Şulenar İle Şairzal Metafizik Aşka Haspihal

Şairzal:
-Sevdik mi aşkı sevmekten öteye ütüler, yaşanırlığın şıklığı olup çoktan seçmeli bir sevdanın hep a) şık) kı oluruz.
-Engin denizlerin berrak sularına maviliği öğretiriz.Mavimsi bir akışın diliyle kabarcıklar arasında salınır durur bembeyazlığının ilgisi, algısı, aşkımıza salgısı.
-Yüreğinin götürdüğü yere kadar yar, yarden sonra götürdüğün her an yarlığı aşan sermestliğimin adılı olur susarım.

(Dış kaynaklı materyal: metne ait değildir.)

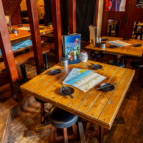 木製のテーブルと丸椅子が特徴の団体様向けお席。温かみのある木の内装が落ち着いた雰囲気を演出してくれます。ゆったりとお話を楽しめるようなテーブルの設計になっているため、お友達や会社の飲み会などでも最適。テーブルの配置も自由にできるため、人数様に合わせてご案内します!
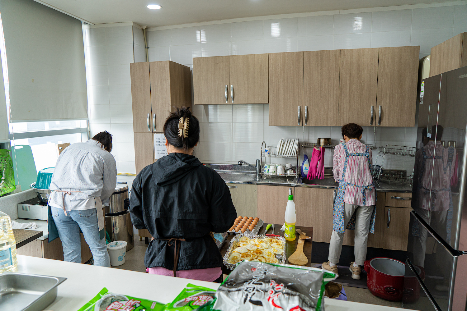 아침부터 음식을 만들고, 포장하고, 나눔까지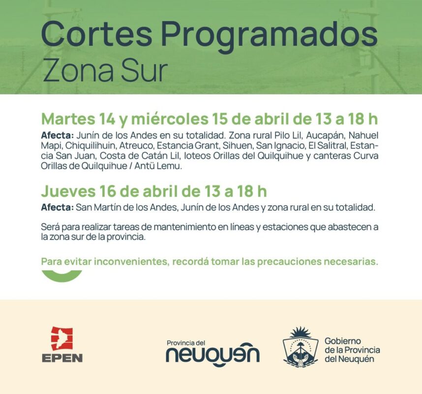 El Ente Provincial de Energía del Neuquén (EPEN), dependiente del Ministerio de Energía, informa que realizará un importante despliegue los días martes 14, miércoles 15 y jueves 16 de abril de 2026, en el horario de 13:00 a 18:00 horas, donde se realizarán tareas de mantenimiento en líneas y estaciones que abastecen a la zona sur de la provincia.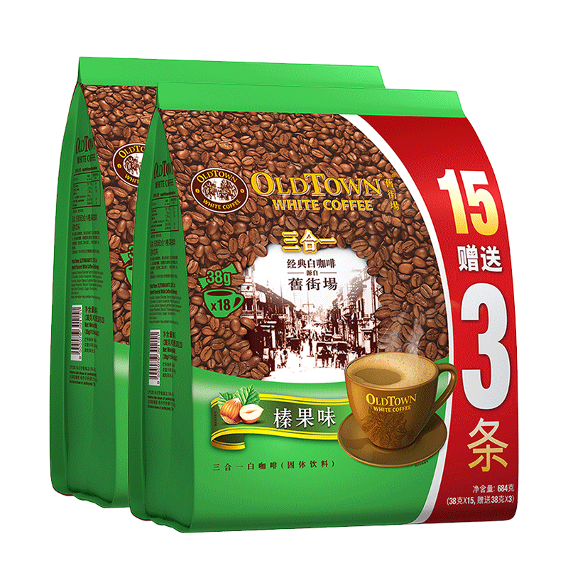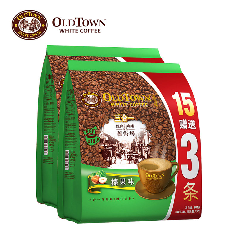 Ipoh Old Street Market Hazelnut flavor white coffee Malaysia imported instant three-in-one original coffee 18 * 2 bags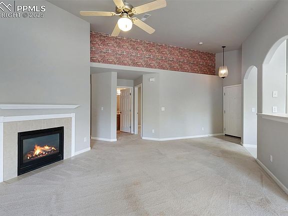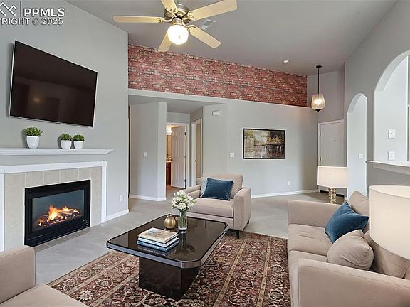Welcome to a lifestyle of convenience and comfort in this inviting second-floor condo, tucked inside a peaceful gated community. With both a private garage and an additional covered parking space, you’ll never have to worry about parking or storage. Inside, the open layout is filled with natural light and anchored by a cozy fireplace—perfect for relaxing after a day out. The kitchen offers plenty of cabinet space, a pantry, and easy flow to the dining and living areas. Each bedroom is its own private suite with a walk-in closet and bath, creating flexibility for guests, roommates, or a home office. Step out to your covered balcony for morning coffee or evening unwinding. Beyond your front door, enjoy community amenities including a clubhouse, pool, hot tub, fitness room, playground, and trails. The location is a standout—just minutes from the Powers corridor, with shopping, restaurants, entertainment, and everyday conveniences right at your fingertips. Quick access to military bases, parks, and schools adds to the appeal. This home offers more than just square footage—it’s a lifestyle of ease, security, and access.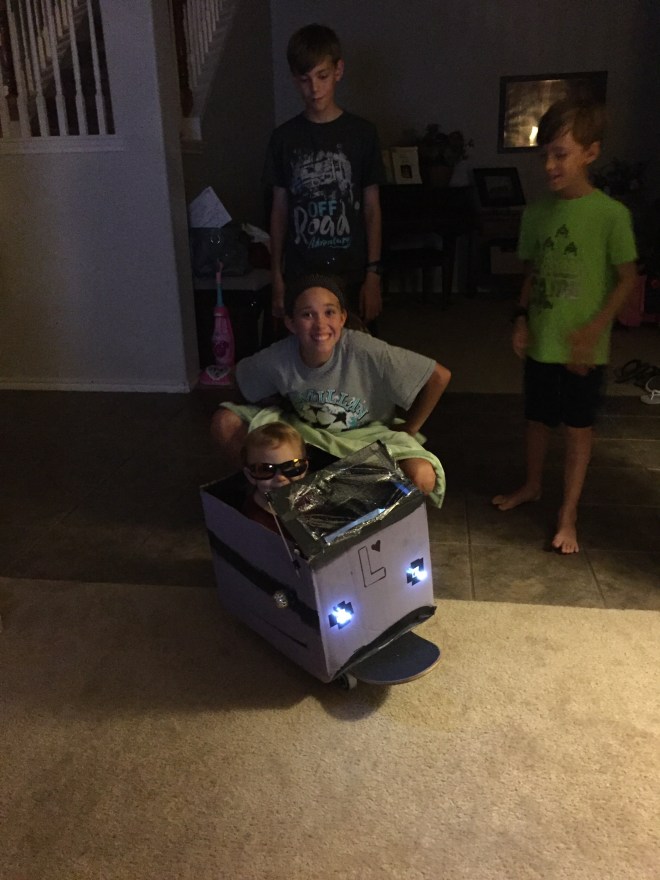 I love when the kids complain about having nothing to do. We have a house full of all kinds of games and activities, yet take away all electronics, and the fun ends. Today, they were upset with us about being bored, and then this happened!:

Ben seninle bir zerreyi zer yapmayı seçtim.Sen damla damla yüreğime geldin.
-Sana olan hastalığım sen hastayken başladın.Bana koşamayacak kadar yalnızdın, alçılar arasındaydı hayallerin.Koşmak için iyileşecek günceler ısmarlıyordun.

Şulenar:
-Seni sevmek seçilmiş bir dert değildi. Bunu da dert etmedim.Senin tercihlerin arasında olmak düşüne sınav oldum. Hislerimin kitabının bana okuturdun.Ne sevdiysem meğer o kitaptaymış. Meğer ne kadar çok benziyormuş sevda kitabımız.Bu bensem, sen kimsin? İkimiz aynı fidanın meyve veren dalındaydık.Tek farkımız vardı.Ben bütün aşkların eşkali gibi kırmızı güldüm.Sense gülümün kokusuna gelen mistik azizler bülbülüydün.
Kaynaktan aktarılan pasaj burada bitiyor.